Starting at the first line and ending at the one with "Ucolta99.762.0 Barrier Highway", give the lines of the listing again exactly, and nothing else; skip the pictures.

+ + + +

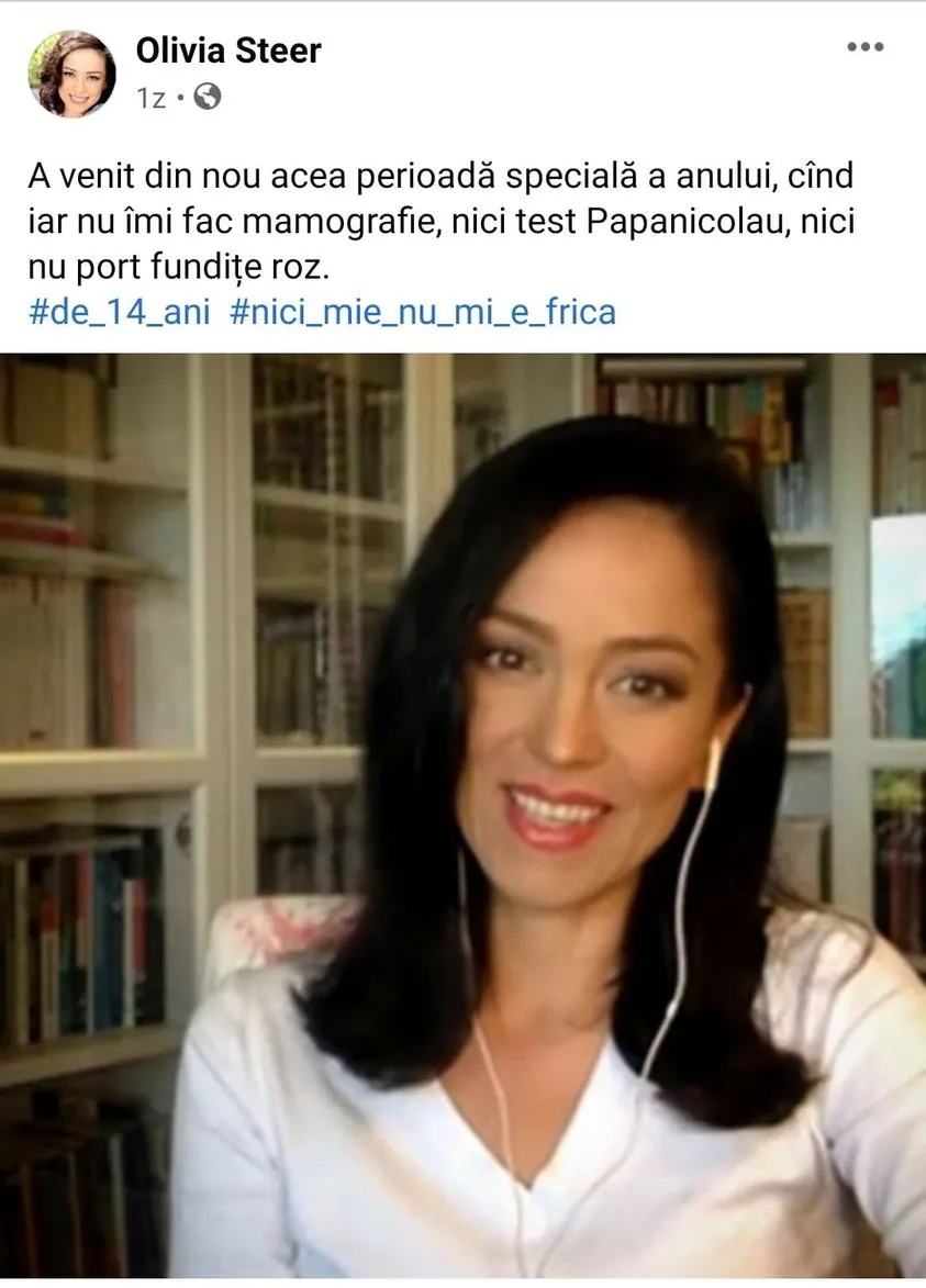 Olivia Steer, antivaccinistă convinsă, a scris un mesaj prin care anunța că a venit iarăși acea perioadă din an când nu își face mamografie, nici test Papanicolau și nici nu poartă fundiță roz.
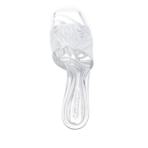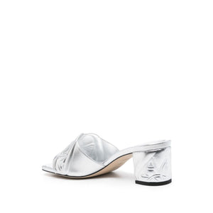 silver-tone calf leather metallic finish Seal-logo embossed effect square open toe branded footbed low block heel leather outsole slip-on style Metallic leather heel sandals Size and Fit - Heel 2 in / 5 cm
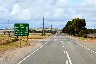 Ucolta99.762.0 Barrier Highway (A32) – Giles Corner, Burra, Broken HillEastern terminus of Petersburg Road and route B79
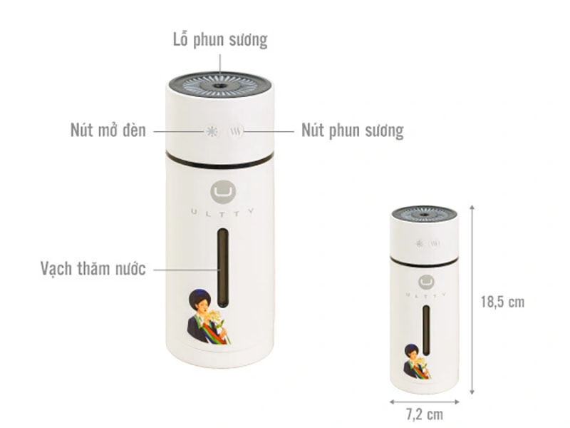 Ultty B23 có chức năng có chức năng tạo độ ẩm phòng, làm đèn ngủ. Máy sử dụng pin sạc với dung lượng pin lớn 1.000 mah giúp tạo ẩm ở bất kì đâu mà không cần dây điện. Máy sạc pin qua cáp sạc USB type-C.
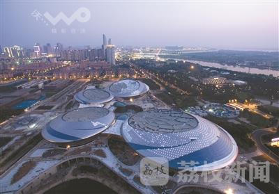 荔枝新闻记者从江苏省政府获悉,16日晚,位于南京河西奥体中心西侧江苏大剧院的四滴“水珠”进行灯光调试。本月底江苏大剧院将基本完工,10月左右开始试运行。
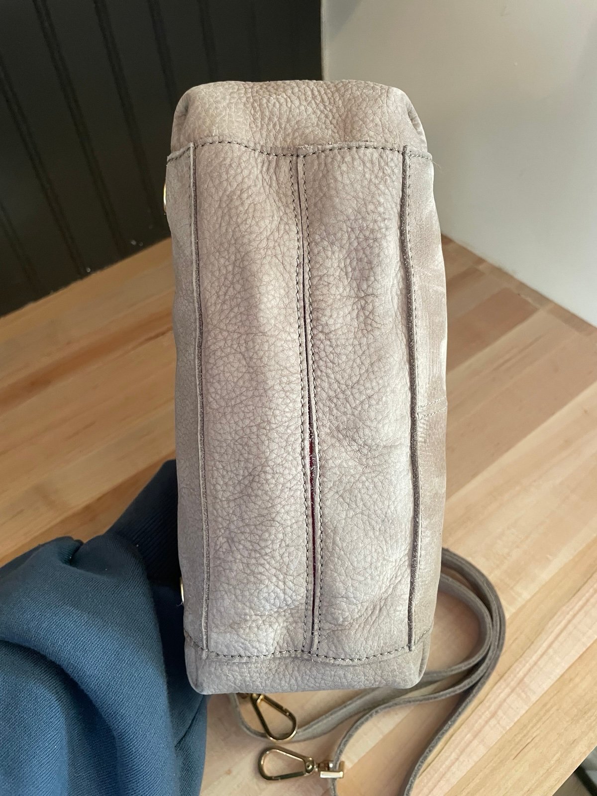 Hammitt Bryant Medium in gray natural with brushed gold hardware and adjustable crossbody strap. Only flaws are some scratches on some studs and an indent/scratch on front and back, which are pictured. 10x8x5in. Open to reasonable offers.
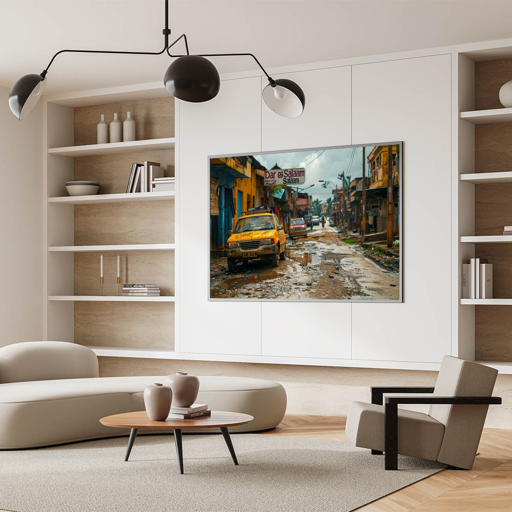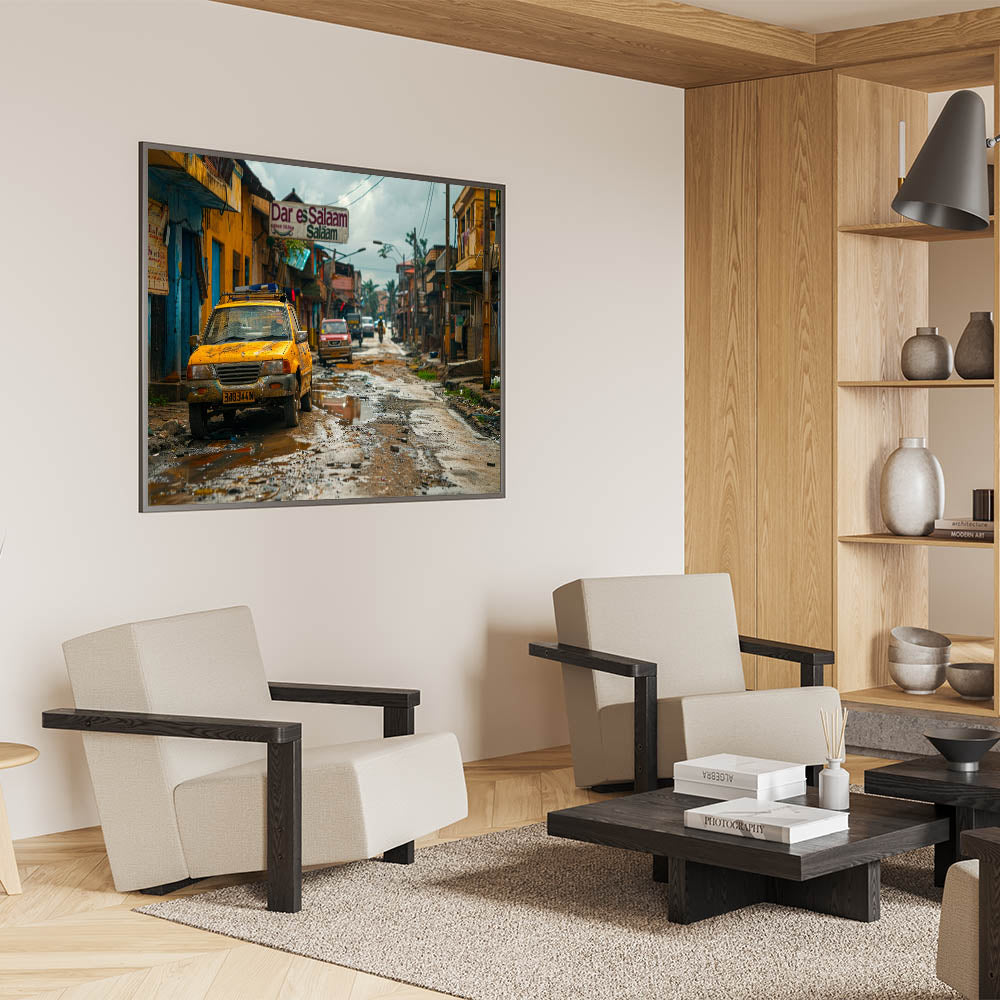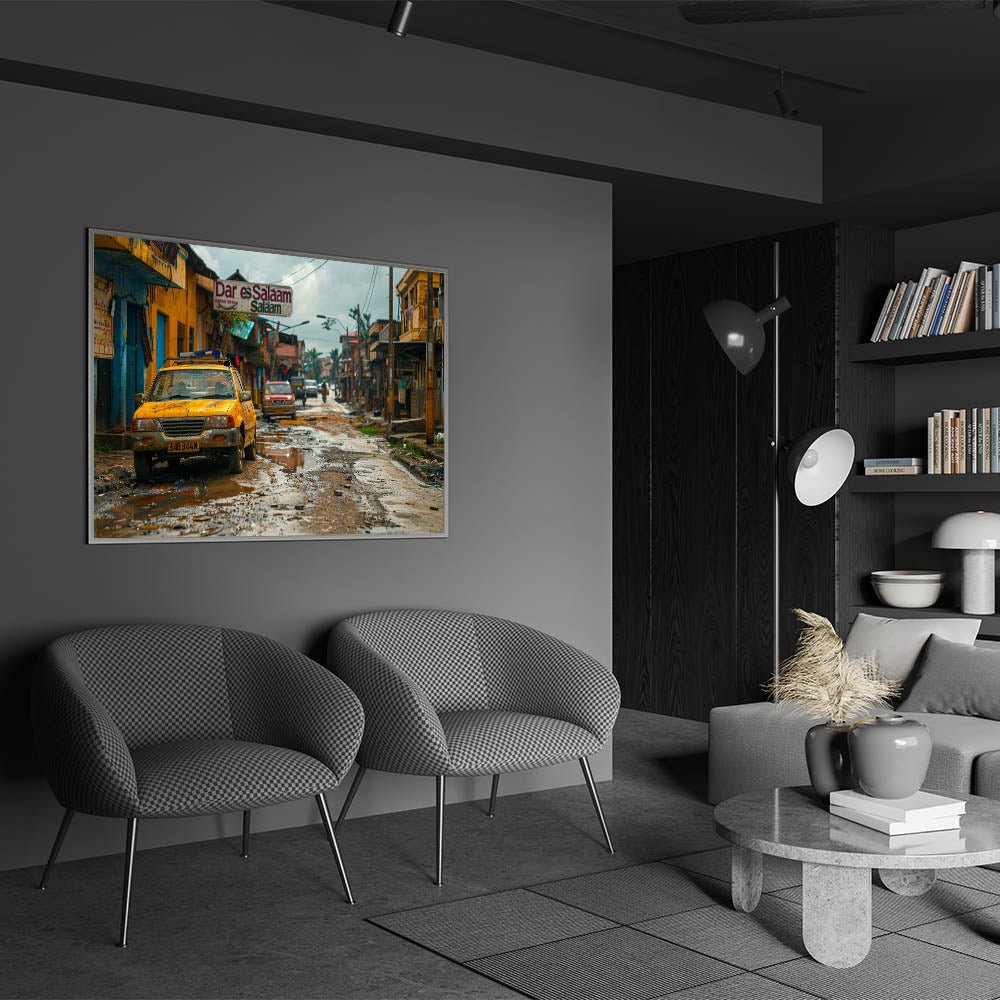 Capture the raw, vibrant energy of Tanzania’s largest city with this Dar es Salaam Street Scene Wall Art. This artwork features a bustling street, showcasing the everyday life of the city, from its colorful buildings to the muddy roads lined with cars. The detailed depiction of this urban landscape offers a unique glimpse into the heart of Dar es Salaam, making it perfect for lovers of travel, culture, and urban photography.

+ + + +

Solved exercise.
 Olivia Steer, antivaccinistă convinsă, a scris un mesaj prin care anunța că a venit iarăși acea perioadă din an când nu își face mamografie, nici test Papanicolau și nici nu poartă fundiță roz.
 silver-tone calf leather metallic finish Seal-logo embossed effect square open toe branded footbed low block heel leather outsole slip-on style Metallic leather heel sandals Size and Fit - Heel 2 in / 5 cm
 Ucolta99.762.0 Barrier Highway (A32) – Giles Corner, Burra, Broken HillEastern terminus of Petersburg Road and route B79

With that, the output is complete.